Exercise >> Print back each record unchanged, without pictures.

Records from a collection >>
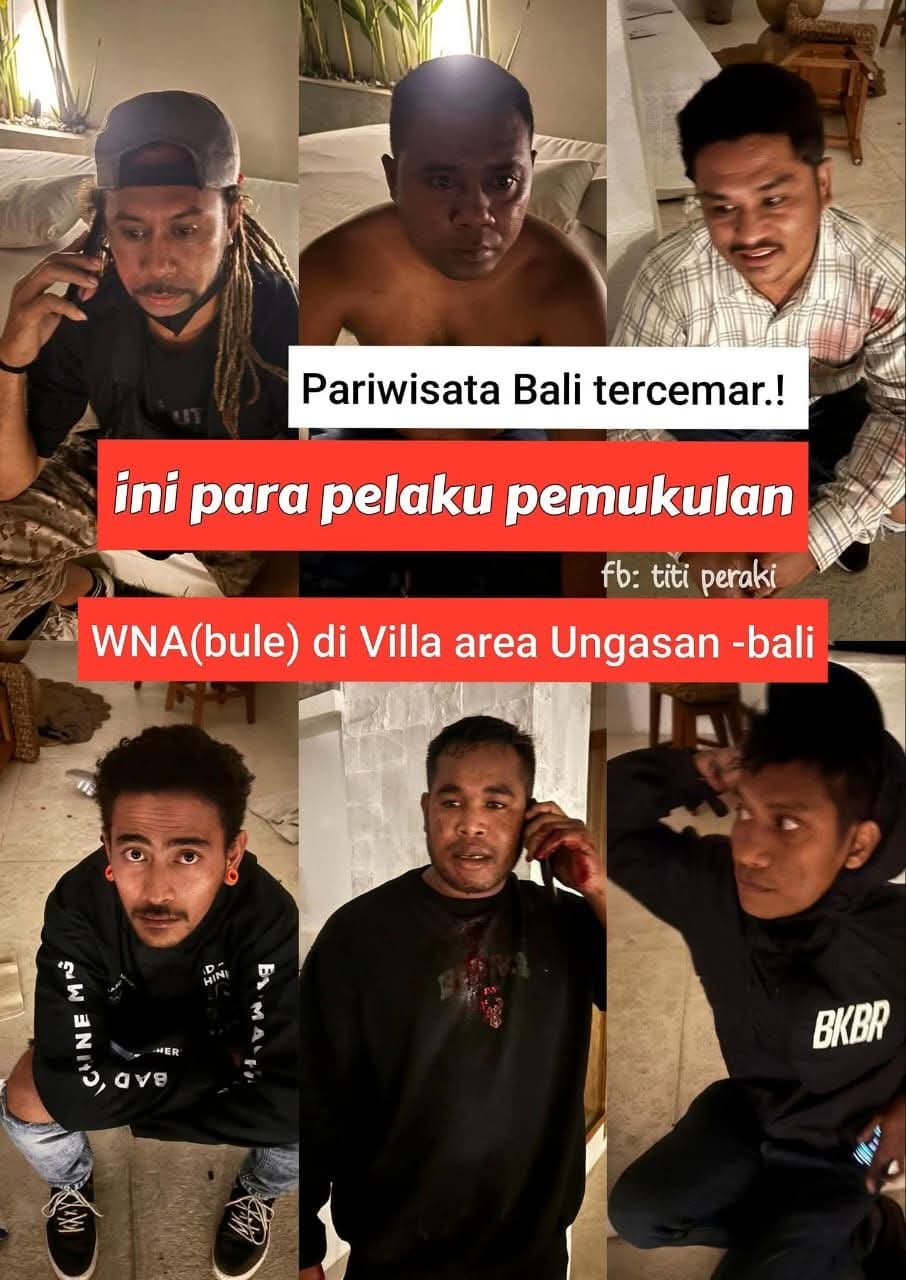 DENPASAR | ELANGBALI.COM – Inilah wajah-wajah para pelaku biadab yang tega melakukan pemukulan brutal terhadap seorang warga negara asing di sebuah villa kawasan Ungasan, Bali.
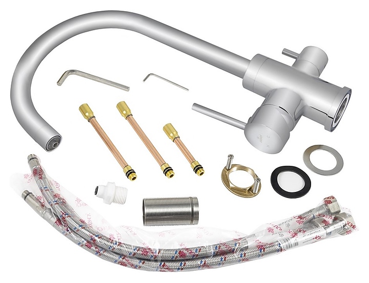 Смеситель Kaiser Mercur 26744 предназначен для использования в кухонных помещениях для подачи холодной и горячей воды. Модель оснащена сдвоенным аэратором и отдельной трубкой для фильрованной воды, благодаря чем исключается возможность смешивания с проточной водой, а также керамическим картриджем, обеспечивающим плавный ход рычага смесителя, контроль и точность при выборе напора и температуры воды. Изделие выполнено из высококачественной латуни, отличающейся прочностью, долговечностью и устойчивостью к перепадам температур. В комплект поставки входят аэратор, гибкая подводка и крепления. Особенности:
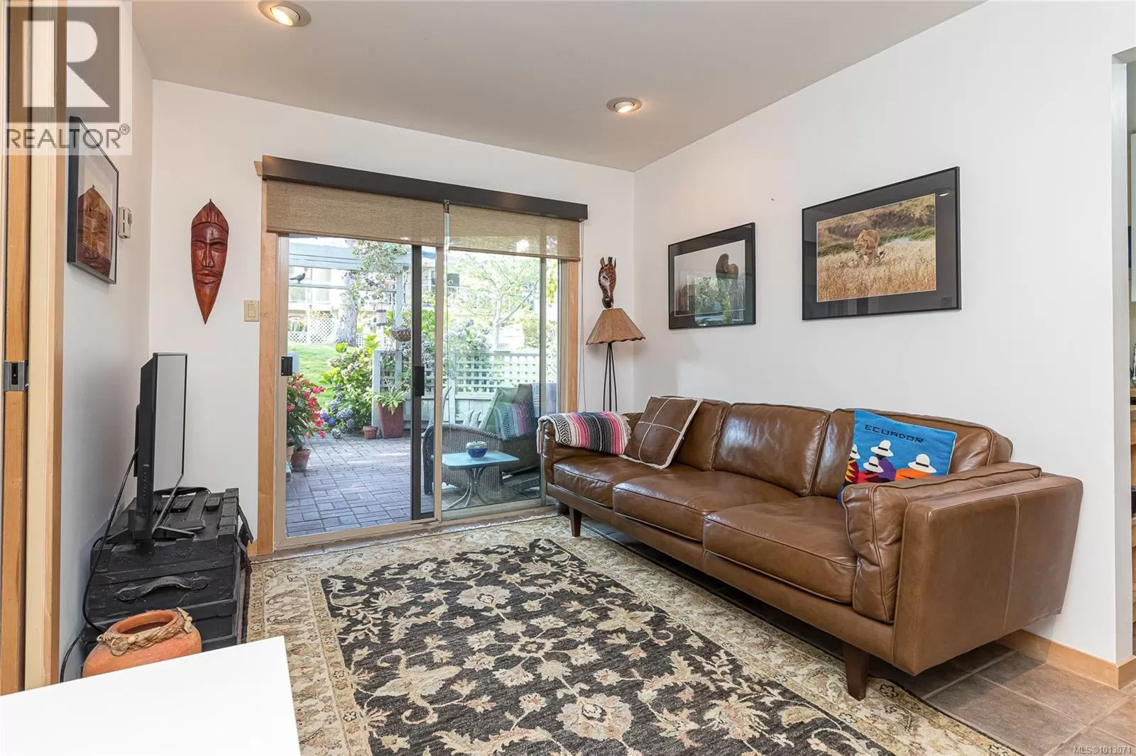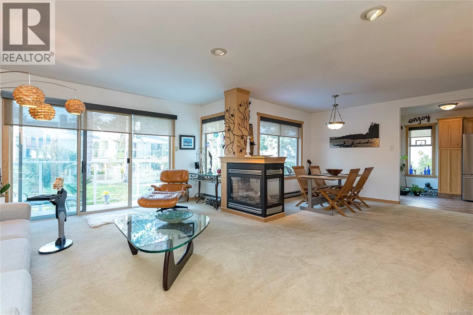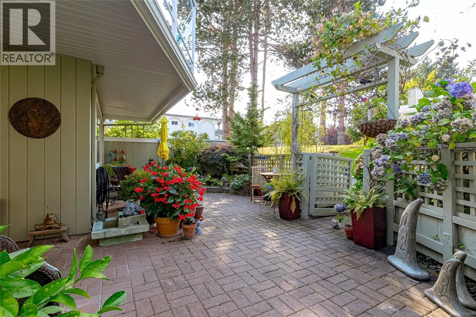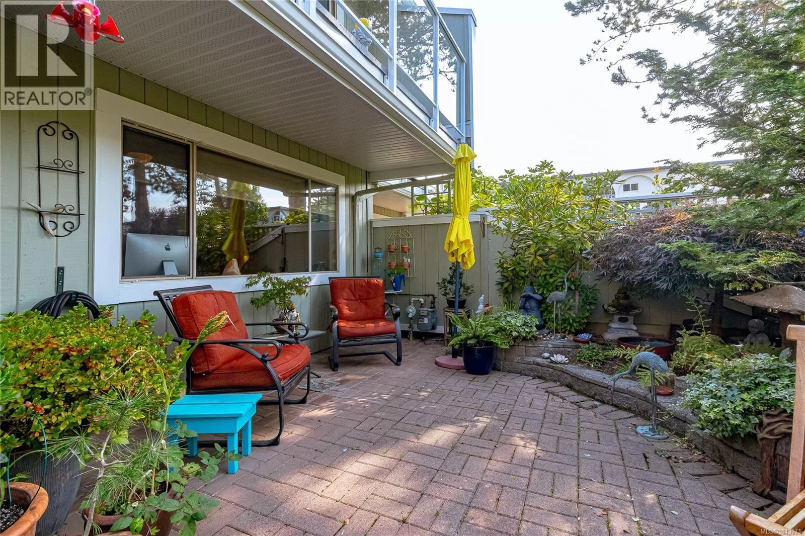 This highly sought-after, end-unit townhouse is sure to impress, offering 1769 SQ FT w/3 BRs, 2 BAâs, a DBL car garage, and custom staircase, wood & metal work throughout. This unit boasts a stunning end-to-end patio & an fully updated kitchen with a skylight that is open to the dining area. The living room features a two-sided gas fireplace for cozy winter evenings & is also open to the dining area. The spacious MSTR BR includes a fully updated 4 PC ensuite & the 2nd BR on the upper level is currently used as an office with built-ins but is an easy conversion back to a BR. Lower level offers another large BR with a three-piece ensuite & a flex space that opens onto a private, spacious patio & gardens. This unit provides ample storage, a full size laundry area all allowing for downsizing without compromise. Enjoy the convenience of being a minute's walk from the marina, waterfront, beaches, & public tennis courts, all while remaining within walking distance of the amenities of beautiful Sidney By The Sea. Proudly presented by The Ann Watley Group, Ann Watley Personal Real Estate Corporation & Chad Tuggle, Pemberton Holmes Ltd. (id:27476)
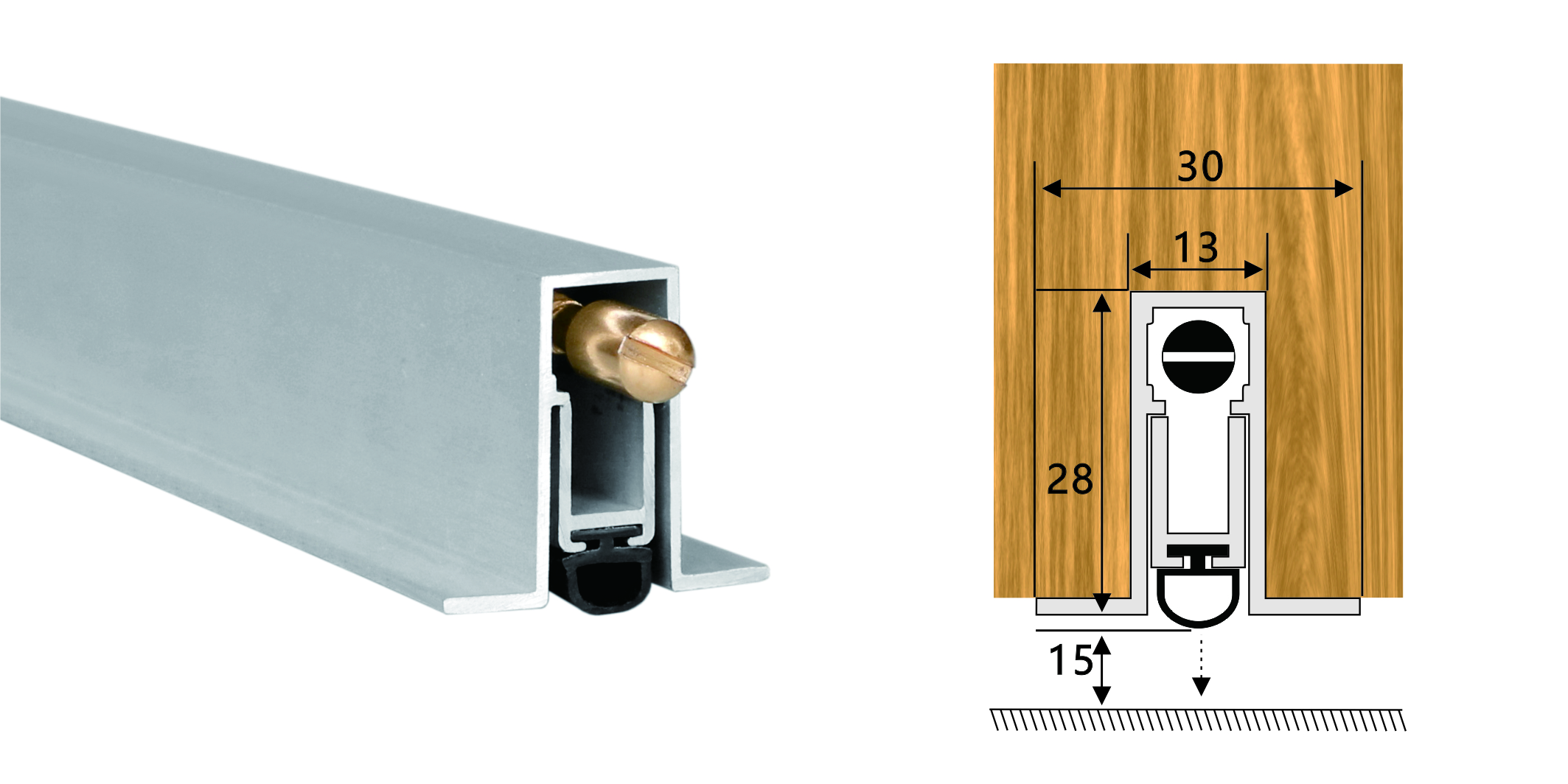 嵌入式門底自動(dòng)升降式密封器,四連桿機(jī)構(gòu),適用于門扇內(nèi)開(kāi)槽的門。安裝時(shí)需在門底有一個(gè)28mm*13mm的通槽,將產(chǎn)品放置其中,將兩端蓋板和密封器用螺 絲固定(或用螺絲從密封條底部向上固定),使用本產(chǎn)品不影響門的整體風(fēng)格。
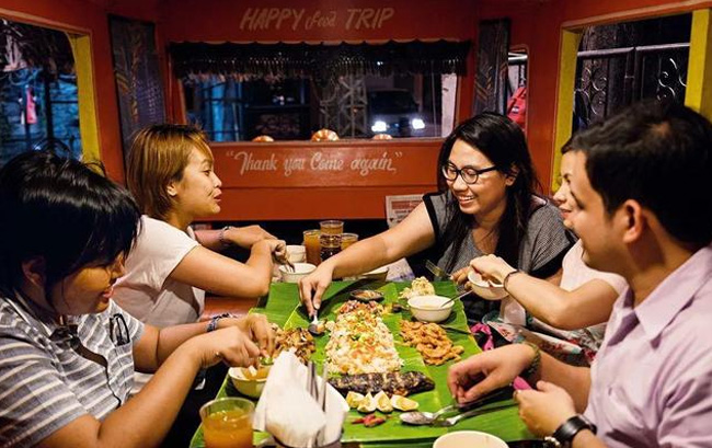 11、菲律宾是一个拥有无数海岛的国家,这里的海鲜也很便宜,非常适合喜欢海鲜的人过来品尝。但是需要注意的是,菲律宾人在做菜时喜欢用很重的调料,如果你不习惯或者喜欢清淡的口味,可以自己动手做饭。另外,菲律宾人也很爱吃肉,他们会用各种肉类做出各种美食,每一口都充满了香料和肉香,让人流口水。可以说,菲律宾是肉食者的天堂,比较有特色美食主要是烤乳猪、西尼根汤和拉普拉普鱼等。
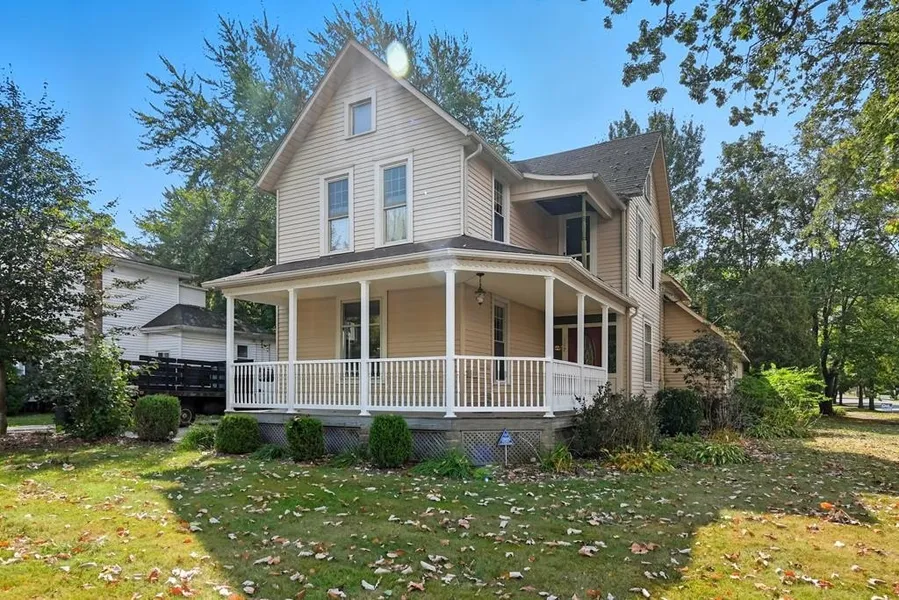 Step into timeless character with this beautifully maintained Galion home! Built in 1918, this two-story residence offers 1,671 sq. ft. with 4 bedrooms and 2.5 baths, including a spacious primary suite with a private bath and dressing area. The interior boasts rich wood detailing, high ceilings, and a stunning coffered dining room ceiling that adds architectural charm. The kitchen is a cook's dream with abundant cabinetry, a center island with sink, and a breakfast bar that's perfect for casual dining or entertaining. Natural light pours through the large wood-framed picture windows. Cozy evenings are made better by the wood-burning fireplace. Outside, enjoy multiple porches, a generous patio, and a 22x40 detached garage with loft for parking and storage. With its inviting curb appeal and blend of historic craftsmanship and modern comfort, this home is a rare in-town find.
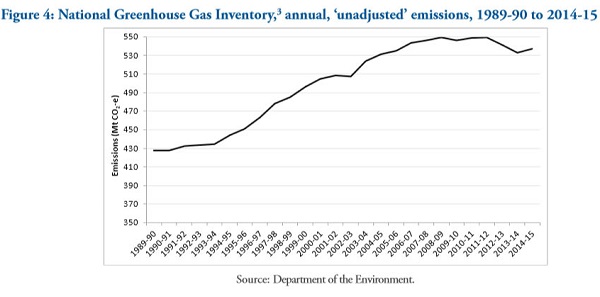 In the huge 368-page report we sent to the UNFCCC about our Paris commitments, in Section 2.1 (52 on the pdf counter) we told the UN authorities that excluding the LULUCF sector emissions had increased by 27.0% (113.4 Mt CO2-e) above 1990 levels.
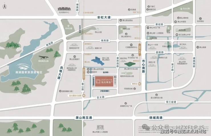 7大城市公园环绕,其中构建“五馆合一”的萧山城市文化公园约2公里,附近还有湘湖风景区。

Exercise output >>
 DENPASAR | ELANGBALI.COM – Inilah wajah-wajah para pelaku biadab yang tega melakukan pemukulan brutal terhadap seorang warga negara asing di sebuah villa kawasan Ungasan, Bali.
 Смеситель Kaiser Mercur 26744 предназначен для использования в кухонных помещениях для подачи холодной и горячей воды. Модель оснащена сдвоенным аэратором и отдельной трубкой для фильрованной воды, благодаря чем исключается возможность смешивания с проточной водой, а также керамическим картриджем, обеспечивающим плавный ход рычага смесителя, контроль и точность при выборе напора и температуры воды. Изделие выполнено из высококачественной латуни, отличающейся прочностью, долговечностью и устойчивостью к перепадам температур. В комплект поставки входят аэратор, гибкая подводка и крепления. Особенности:
 This highly sought-after, end-unit townhouse is sure to impress, offering 1769 SQ FT w/3 BRs, 2 BAâs, a DBL car garage, and custom staircase, wood & metal work throughout. This unit boasts a stunning end-to-end patio & an fully updated kitchen with a skylight that is open to the dining area. The living room features a two-sided gas fireplace for cozy winter evenings & is also open to the dining area. The spacious MSTR BR includes a fully updated 4 PC ensuite & the 2nd BR on the upper level is currently used as an office with built-ins but is an easy conversion back to a BR. Lower level offers another large BR with a three-piece ensuite & a flex space that opens onto a private, spacious patio & gardens. This unit provides ample storage, a full size laundry area all allowing for downsizing without compromise. Enjoy the convenience of being a minute's walk from the marina, waterfront, beaches, & public tennis courts, all while remaining within walking distance of the amenities of beautiful Sidney By The Sea. Proudly presented by The Ann Watley Group, Ann Watley Personal Real Estate Corporation & Chad Tuggle, Pemberton Holmes Ltd. (id:27476)
 嵌入式門底自動(dòng)升降式密封器,四連桿機(jī)構(gòu),適用于門扇內(nèi)開(kāi)槽的門。安裝時(shí)需在門底有一個(gè)28mm*13mm的通槽,將產(chǎn)品放置其中,將兩端蓋板和密封器用螺 絲固定(或用螺絲從密封條底部向上固定),使用本產(chǎn)品不影響門的整體風(fēng)格。
 11、菲律宾是一个拥有无数海岛的国家,这里的海鲜也很便宜,非常适合喜欢海鲜的人过来品尝。但是需要注意的是,菲律宾人在做菜时喜欢用很重的调料,如果你不习惯或者喜欢清淡的口味,可以自己动手做饭。另外,菲律宾人也很爱吃肉,他们会用各种肉类做出各种美食,每一口都充满了香料和肉香,让人流口水。可以说,菲律宾是肉食者的天堂,比较有特色美食主要是烤乳猪、西尼根汤和拉普拉普鱼等。
 Step into timeless character with this beautifully maintained Galion home! Built in 1918, this two-story residence offers 1,671 sq. ft. with 4 bedrooms and 2.5 baths, including a spacious primary suite with a private bath and dressing area. The interior boasts rich wood detailing, high ceilings, and a stunning coffered dining room ceiling that adds architectural charm. The kitchen is a cook's dream with abundant cabinetry, a center island with sink, and a breakfast bar that's perfect for casual dining or entertaining. Natural light pours through the large wood-framed picture windows. Cozy evenings are made better by the wood-burning fireplace. Outside, enjoy multiple porches, a generous patio, and a 22x40 detached garage with loft for parking and storage. With its inviting curb appeal and blend of historic craftsmanship and modern comfort, this home is a rare in-town find.
 In the huge 368-page report we sent to the UNFCCC about our Paris commitments, in Section 2.1 (52 on the pdf counter) we told the UN authorities that excluding the LULUCF sector emissions had increased by 27.0% (113.4 Mt CO2-e) above 1990 levels.
 7大城市公园环绕,其中构建“五馆合一”的萧山城市文化公园约2公里,附近还有湘湖风景区。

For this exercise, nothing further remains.